Trayectos.

La fatiga de este viaje a encontrar lo que perdimos se acentúa tras cada curva en la que tú no me esperas.
Mensajes vacíos, preguntas sin respuestas en mi mente: cómo hemos llegado a este punto en el que ya nada queda de lo que fuimos, y seguimos mirando hacía otro lado disimulando como si de lo nuestro no se tratara.
Los rayos de luz que se cuelan entre las nubes me dejan ciega, sólo veo fantasmas tirándome por la espalda, mientras que los que tengo enfrente me preguntan que dónde estás.  Cómo hemos llegado a este punto, en el que nada de lo que hagas tendrá credibilidad. Ojalá lo intentaras de verdad y lucharas tanto como dices por lo nuestro.

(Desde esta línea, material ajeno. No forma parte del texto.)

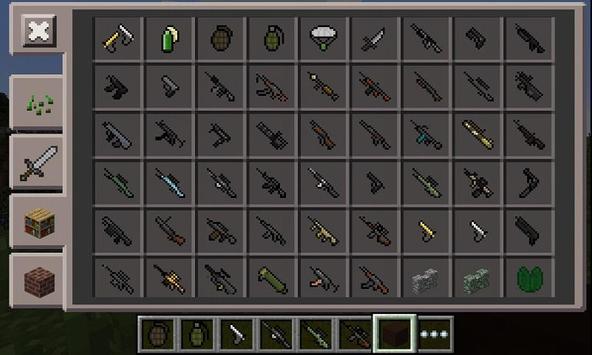 Mod Weapon for MCPE comes with a custom user interface for each weapon and an advanced weapon system including things like ammunitions and unique crafting recipes for each weapon. More than 40 weapons are included in the mod. Everything from handguns to massive rocket launchers and handheld throwable items like grenades and molotovs.

Odio esperar y parece que es lo único que se me da bien hacer, mientras me crujo los dedos y devuelvo en cada esquina, y grito con la mirada y todos los que me escuchan hacen oídos sordos.
Odio esperar, y en cambio lo sigo haciendo mientras me muevo por los días y los momentos esperando a que reacciones de una vez.
Se vuelve a acercar la noche, está acabando otro día, el tiempo y la vida se esfuman, y mientras me dices a ver si vienes a verme, sueño cada noche que cuando voy realmente lo que querías es volver a disimular y no sentirte culpable de que ya nada es igual. Pero yo aquí sigo esperando.